-- EXERCISE OBJECTIVE --
The answer must reproduce all of the data below exactly and contain no images.

[Data records]
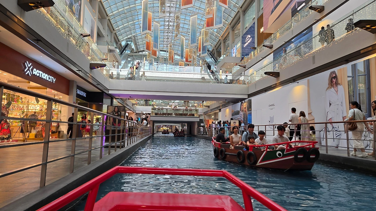 무료로 쇼핑몰 내 인공 수로에 띄운 보트에 몸을 실었다.
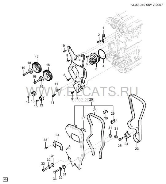 Где датчик положения коленвала на Шевроле Каптива Z24SED?
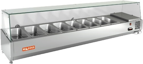 Настольная холодильная витрина HICOLD VRTG 1835 1/4 к PZ3 предназначена для охлаждения, кратковременного хранения и демонстрации ингредиентов, салатов и готовых блюд на предприятиях общественного питания и торговли. Устанавливается на холодильные столы для пиццы PZ3 (для монтажа предусмотрены специальные крепления в нижней части корпуса).
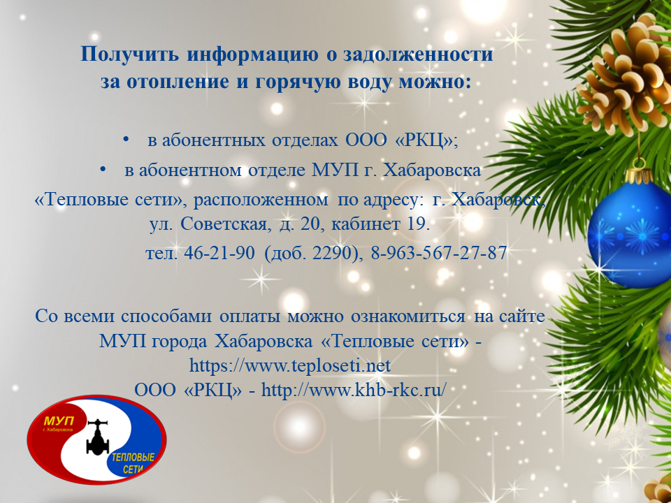 С уважением, Администрация МУП г. Хабаровска «Тепловые сети».
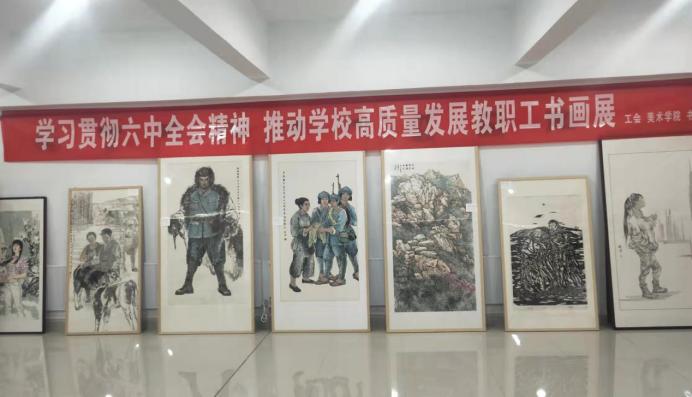 在建党百年之际,为了深入学习贯彻党的十九届六中全会精神,传承红色精神,铸牢中华民共同体意识,弘扬中华优秀传统文化,推进学校美育教育,加强校园文化建设,深化文明校园创建,推动学校“十四五”高质量发展,凝心聚力,鼓舞士气,12月9日下午,由校工会主办、美术学院和书画学会承办,在泉山校区逸夫楼十楼教工之家成功举办了庆祝建党百年主题教职工书画展览。
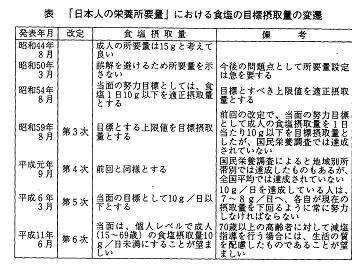 g以下が推奨され、日本では10 g未満が推奨されている。平成9年では成人1日あたり平均摂取量13.5 gと依然過剰摂取の状況にあることから、平均摂取量10 g未満を目標とする」。また、3月24日には農林水産省・文部省・厚生省の策定による『食生活指針の推進について』の閣議決定があり、こちらでも「塩辛い食品を控えめに、食塩は1日10 g未満にしましょう」との数値目標が打ち出されています。しかしいずれもその根拠は明確ではなく、ただこれまでのスローガンの繰り返しの感じで、新しい知見もありません(報告書には付録として“高血圧予防の観点からの食塩摂取量について”[厚生省「第6次改定日本人の栄養所要量ー食事摂取基準」より一部抜粋]が掲載されており、『食塩摂取量が血圧におよぼす影響には、個人差が大きい。集団レベルでは、アフリカ系米国人、高齢者、高血圧患者、糖尿病患者には食塩感受性者が多いという。しかし、食塩感受性(個人)をあらかじめ識別する方法は、現時点ではない。一方、中等度の減塩(6 g/日)により、有害な影響が出現したという報告はない。さらに中等度の減塩により、降圧薬服薬量の減少、降圧利尿薬によるカリウムの排泄が抑制されること、左室肥大の改善、骨粗鬆症や腎結石の予防等の利点も認められている』とありますが……)。
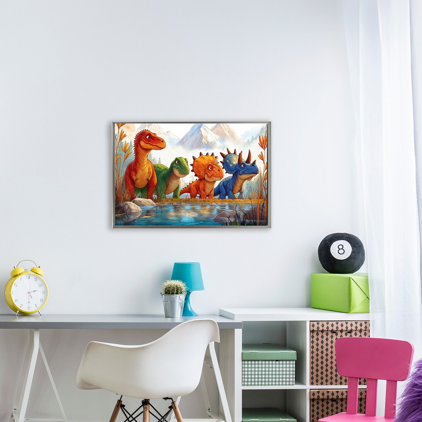 Stupell Industries Four Dinos By The Pond Floating Frame, design by Wumples

-- TASK SOLUTION --
 무료로 쇼핑몰 내 인공 수로에 띄운 보트에 몸을 실었다.
 Где датчик положения коленвала на Шевроле Каптива Z24SED?
 Настольная холодильная витрина HICOLD VRTG 1835 1/4 к PZ3 предназначена для охлаждения, кратковременного хранения и демонстрации ингредиентов, салатов и готовых блюд на предприятиях общественного питания и торговли. Устанавливается на холодильные столы для пиццы PZ3 (для монтажа предусмотрены специальные крепления в нижней части корпуса).
 С уважением, Администрация МУП г. Хабаровска «Тепловые сети».
 在建党百年之际,为了深入学习贯彻党的十九届六中全会精神,传承红色精神,铸牢中华民共同体意识,弘扬中华优秀传统文化,推进学校美育教育,加强校园文化建设,深化文明校园创建,推动学校“十四五”高质量发展,凝心聚力,鼓舞士气,12月9日下午,由校工会主办、美术学院和书画学会承办,在泉山校区逸夫楼十楼教工之家成功举办了庆祝建党百年主题教职工书画展览。
 g以下が推奨され、日本では10 g未満が推奨されている。平成9年では成人1日あたり平均摂取量13.5 gと依然過剰摂取の状況にあることから、平均摂取量10 g未満を目標とする」。また、3月24日には農林水産省・文部省・厚生省の策定による『食生活指針の推進について』の閣議決定があり、こちらでも「塩辛い食品を控えめに、食塩は1日10 g未満にしましょう」との数値目標が打ち出されています。しかしいずれもその根拠は明確ではなく、ただこれまでのスローガンの繰り返しの感じで、新しい知見もありません(報告書には付録として“高血圧予防の観点からの食塩摂取量について”[厚生省「第6次改定日本人の栄養所要量ー食事摂取基準」より一部抜粋]が掲載されており、『食塩摂取量が血圧におよぼす影響には、個人差が大きい。集団レベルでは、アフリカ系米国人、高齢者、高血圧患者、糖尿病患者には食塩感受性者が多いという。しかし、食塩感受性(個人)をあらかじめ識別する方法は、現時点ではない。一方、中等度の減塩(6 g/日)により、有害な影響が出現したという報告はない。さらに中等度の減塩により、降圧薬服薬量の減少、降圧利尿薬によるカリウムの排泄が抑制されること、左室肥大の改善、骨粗鬆症や腎結石の予防等の利点も認められている』とありますが……)。
 Stupell Industries Four Dinos By The Pond Floating Frame, design by Wumples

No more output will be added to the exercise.